Collected data entries:
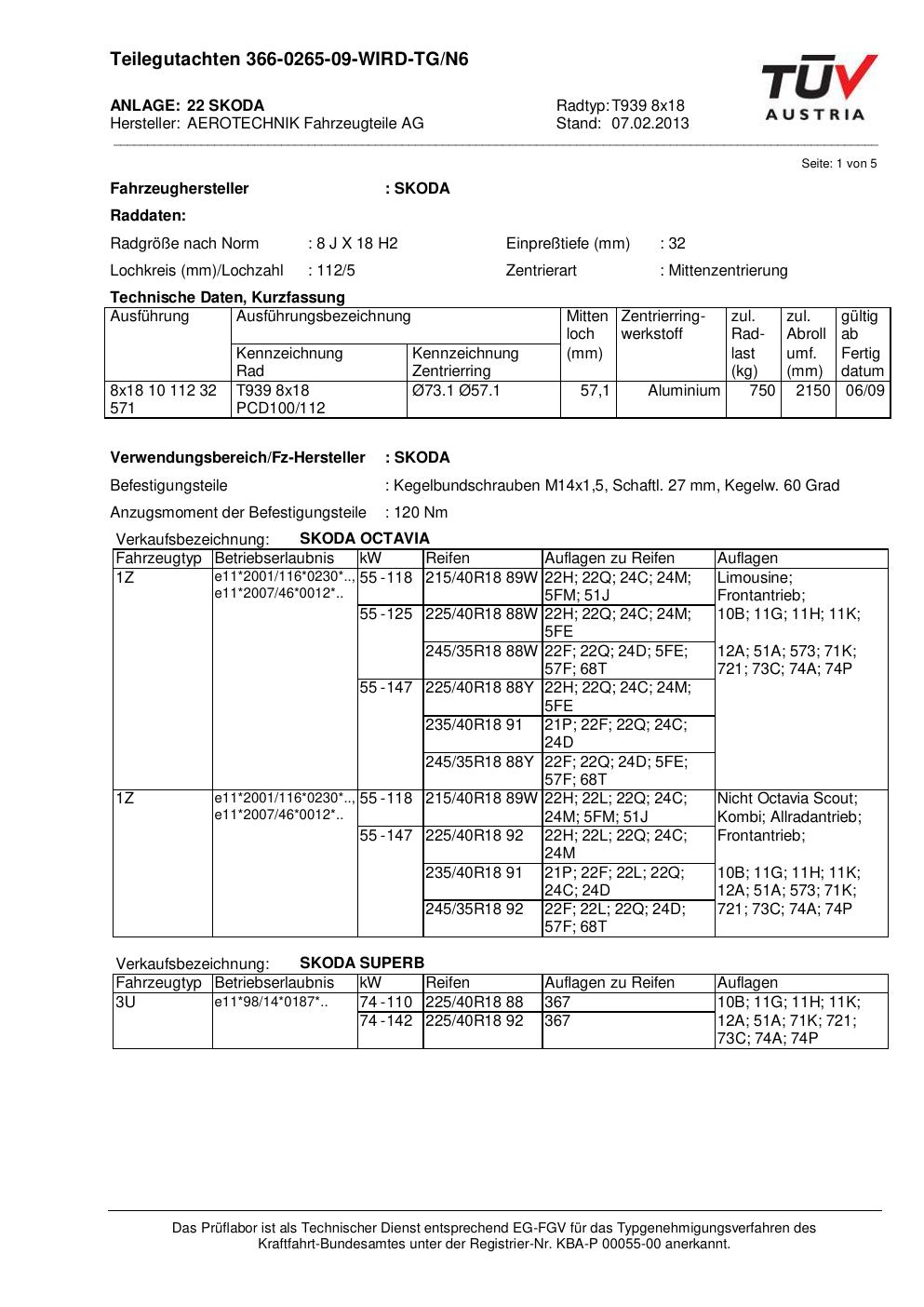 Dieses Gutachten (teilegutachten) bezieht sich auf die Alufelge ATS T939 8x18 in der Ausführung 8Jx18 ET 0, Mittenloch 0 mm . Im PDF findest du typischerweise zulässige Reifengrößen, Auflagen/Anbauhinweise und – je nach Dokument – Hinweise zur Eintragung.
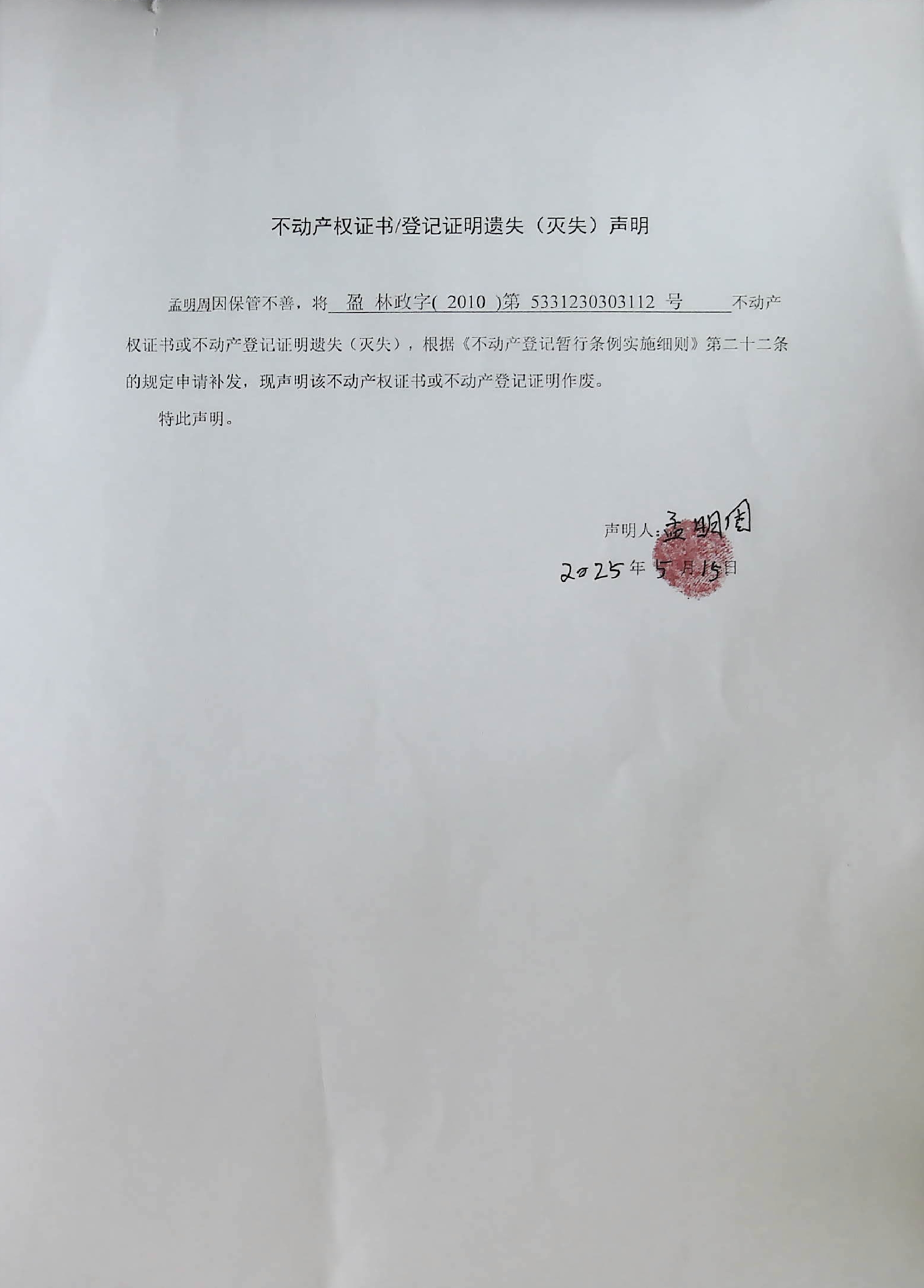 不动产权证书/登记证明遗失(灭失)声明(孟明周)
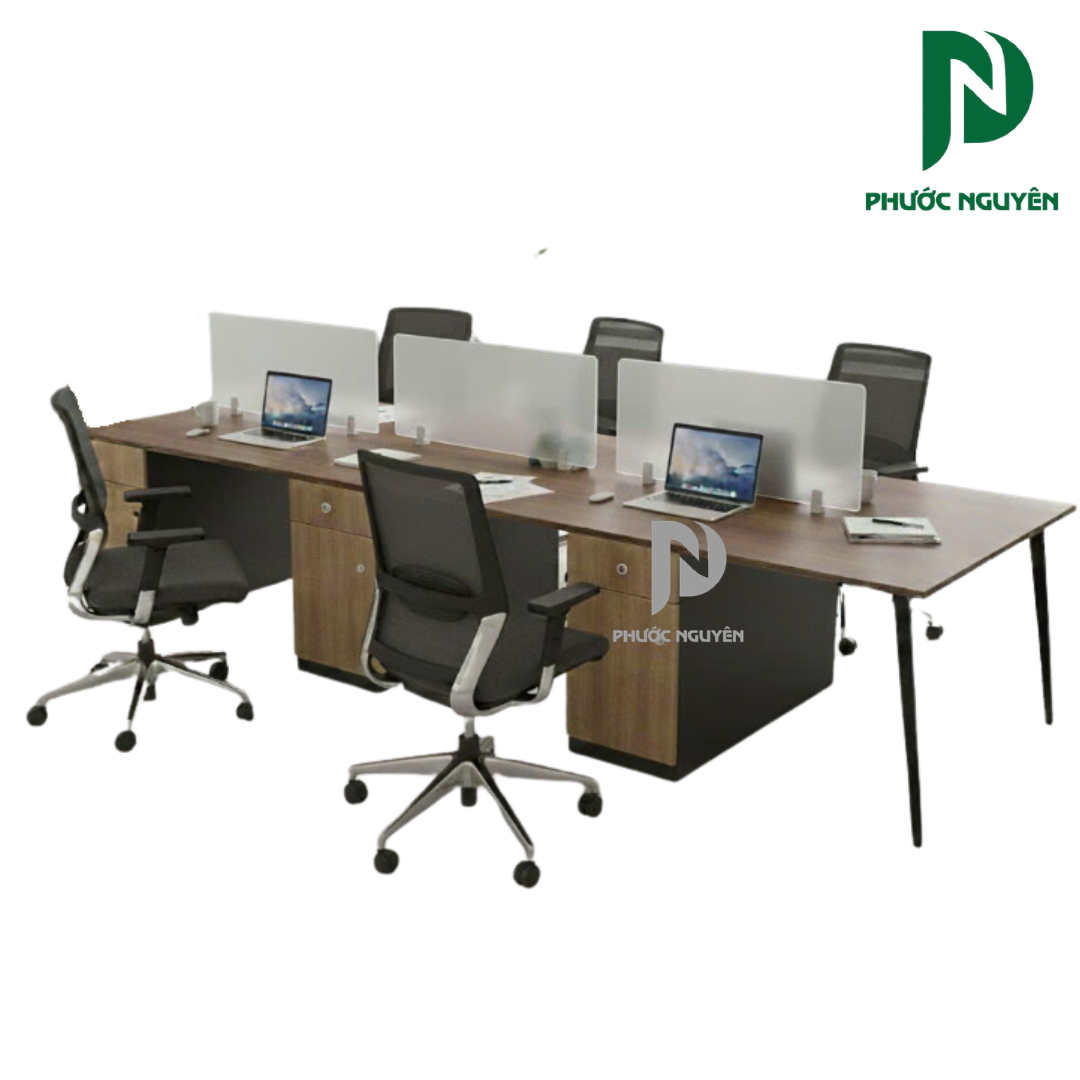 Sản phẩm được tối ưu hóa cho mục đích làm việc nhóm, giúp thu hẹp khoảng cách giữa các vị trí nhưng vẫn đảm bảo sự riêng tư cần thiết. Việc bố trí 6 người ngồi cùng một cụm giúp các thành viên dễ dàng tương tác, trao đổi thông tin nhanh và hỗ trợ lẫn nhau trong các dự án chung, từ đó cải thiện đáng kể tốc độ xử lý công việc và tăng cường tính gắn kết trong nội bộ phòng ban.
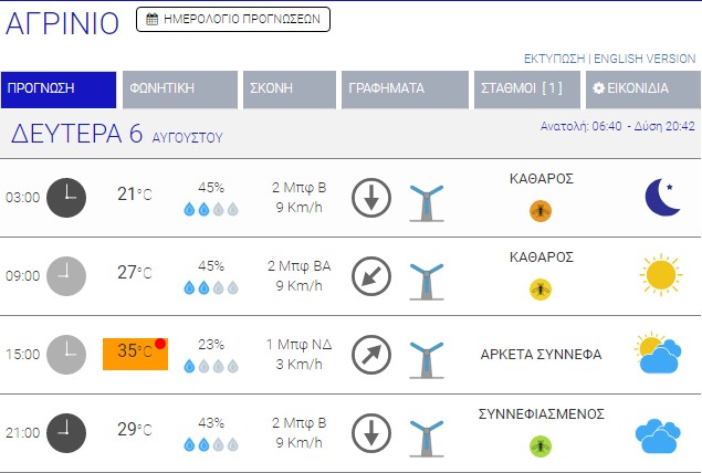 Ο καιρός στο Αγρίνιο σήμερα (Δευτέρα, 06/08) – (Κείμενο-Φωτό-Ηχητικό)
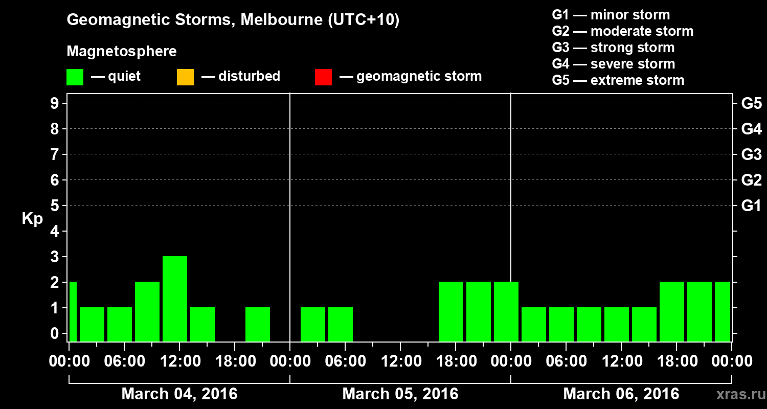 Geomagnetic storms in Melbourne on Mar 06, 2016

WHAT YOU ARE ASKED TO DO
Reproduce only the lines running from the beginning of the entries above to the line holding "不动产权证书/登记证明遗失(灭失)声明(孟明周)", inclusive. Pictures stay out of the copy.

REPLY TO THE EXERCISE
 Dieses Gutachten (teilegutachten) bezieht sich auf die Alufelge ATS T939 8x18 in der Ausführung 8Jx18 ET 0, Mittenloch 0 mm . Im PDF findest du typischerweise zulässige Reifengrößen, Auflagen/Anbauhinweise und – je nach Dokument – Hinweise zur Eintragung.
 不动产权证书/登记证明遗失(灭失)声明(孟明周)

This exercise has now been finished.